■ Activity: In the listing below, start your output at the line with "วัดพระเมรุมาศ" and end it after the line with "A jelenések kivizsgálása", copying every line exactly.

[[ Data provided open ]]

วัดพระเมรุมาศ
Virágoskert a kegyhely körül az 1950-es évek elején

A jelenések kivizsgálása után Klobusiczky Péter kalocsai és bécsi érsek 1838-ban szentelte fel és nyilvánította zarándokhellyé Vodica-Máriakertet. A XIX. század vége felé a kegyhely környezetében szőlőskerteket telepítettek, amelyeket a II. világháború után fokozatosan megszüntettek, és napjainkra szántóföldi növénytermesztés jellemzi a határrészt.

[[ Data provided closed ]]
[[ Data provided open ]]

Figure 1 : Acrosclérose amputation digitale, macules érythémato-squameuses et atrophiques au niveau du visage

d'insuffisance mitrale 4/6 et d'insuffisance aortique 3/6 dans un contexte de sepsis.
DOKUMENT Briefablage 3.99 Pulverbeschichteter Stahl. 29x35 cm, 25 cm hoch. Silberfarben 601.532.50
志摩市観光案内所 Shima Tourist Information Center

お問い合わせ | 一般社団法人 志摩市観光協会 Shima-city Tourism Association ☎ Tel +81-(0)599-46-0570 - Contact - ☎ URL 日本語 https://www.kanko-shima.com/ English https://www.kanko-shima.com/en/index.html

[[ Data provided closed ]]
[[ Data provided open ]]

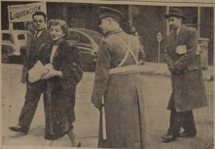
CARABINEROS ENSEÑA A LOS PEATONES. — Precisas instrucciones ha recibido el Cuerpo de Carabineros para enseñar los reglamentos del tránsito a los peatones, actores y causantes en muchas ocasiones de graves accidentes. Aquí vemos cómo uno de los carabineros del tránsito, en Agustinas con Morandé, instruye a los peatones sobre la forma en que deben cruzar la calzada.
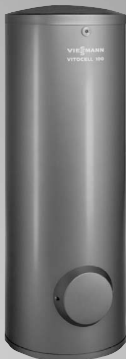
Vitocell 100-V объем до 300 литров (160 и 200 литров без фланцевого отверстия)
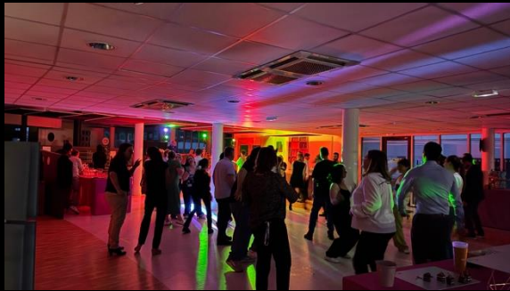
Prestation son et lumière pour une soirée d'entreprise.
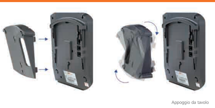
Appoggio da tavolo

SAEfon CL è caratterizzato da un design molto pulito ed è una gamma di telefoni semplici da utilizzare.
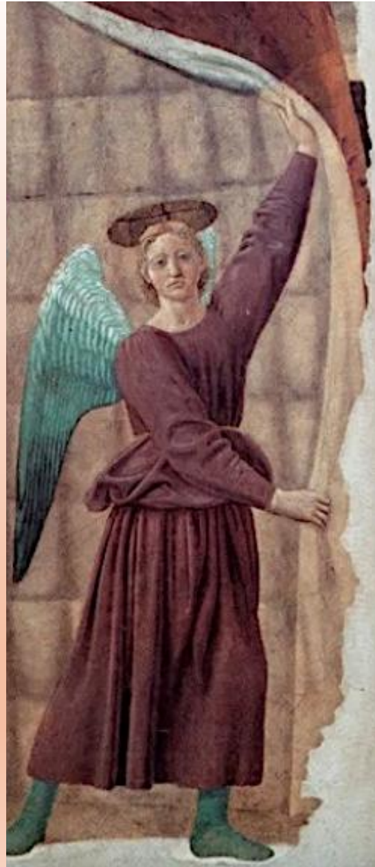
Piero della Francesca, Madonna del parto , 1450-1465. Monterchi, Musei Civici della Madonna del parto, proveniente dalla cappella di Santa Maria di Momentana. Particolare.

[[ Data provided closed ]]

■ Solution to the exercise:
วัดพระเมรุมาศ
Virágoskert a kegyhely körül az 1950-es évek elején

A jelenések kivizsgálása után Klobusiczky Péter kalocsai és bécsi érsek 1838-ban szentelte fel és nyilvánította zarándokhellyé Vodica-Máriakertet. A XIX. század vége felé a kegyhely környezetében szőlőskerteket telepítettek, amelyeket a II. világháború után fokozatosan megszüntettek, és napjainkra szántóföldi növénytermesztés jellemzi a határrészt.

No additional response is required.